A company can achieve rapid growth by understanding customer behavior, which allows it to provide better services and benefits to the right target audience. By analyzing historical marketing campaign data, this project aims to improve campaign performance and customer targeting. The main focus is to build a clustering model that groups customers based on behavioral patterns, making it easier for the company to make informed, data-driven decisions.
- Develop a clustering model that segments customers based on demographic, financial, and behavioral features.
- Identify high-value customer groups and potential churn risks to improve marketing effectiveness.

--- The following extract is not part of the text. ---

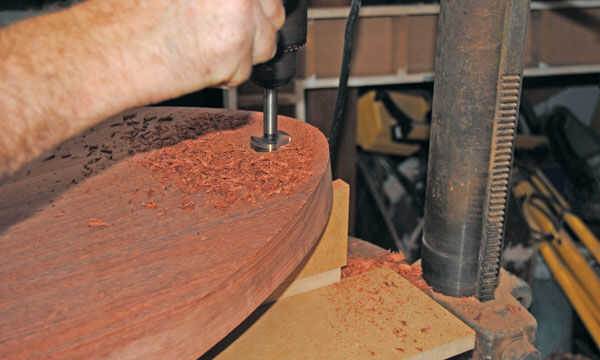 Perforación de los agujeros se completará en mi taladro, por lo que tengo que hacer una plantilla que se llevará a cabo el asiento en el mismo ángulo en relación con el forstner bit como el bisel Ajuste, en este caso 105 ° (Foto 2). Si no tienes una prensa del taladro puede perforar los agujeros a mano alzada utilizando el indicador de bisel como guía, o incluso un construir una plantilla para guiar su taladro de mano. Cualquier técnica puede adopta, asegúrese de marcar el punto de entrada con un escribano y no perfore a través de la sede.

- Provide actionable insights that can drive customer retention, upselling, and reactivation strategies.
-
Source: Marketing campaign dataset with 2,240 entries and 29 columns.
-
Features:
- Demographics & Household: Year_Birth, Education, Marital_Status, Kidhome, Teenhome
- Financial & Purchasing: Income (with 24 missing values), spending on product categories (MntWines, MntMeat, etc.), purchase channels (web, catalog, store)

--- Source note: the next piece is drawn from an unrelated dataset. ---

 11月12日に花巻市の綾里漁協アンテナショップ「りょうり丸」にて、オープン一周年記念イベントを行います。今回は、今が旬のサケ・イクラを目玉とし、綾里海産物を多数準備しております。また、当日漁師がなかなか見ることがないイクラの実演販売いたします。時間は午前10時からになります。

- Marketing Engagement: Recency, enrollment date, campaign acceptance, complaints, and overall response
-
Data Cleaning & Preprocessing:
- Missing values in
Incomeimputed with the median. - 183 duplicate rows removed.
- Outliers handled using IQR capping.
- Encoding: One-Hot for categorical marital status; Ordinal for education levels.
- Standardization applied for numeric variables.
- Missing values in
Key findings from exploratory analysis:
- Age Effect: Young adults (<30) and adults (30–45) convert significantly higher than older groups.
- Income: Very high-income customers (>70M) have the highest conversion rate (>14%).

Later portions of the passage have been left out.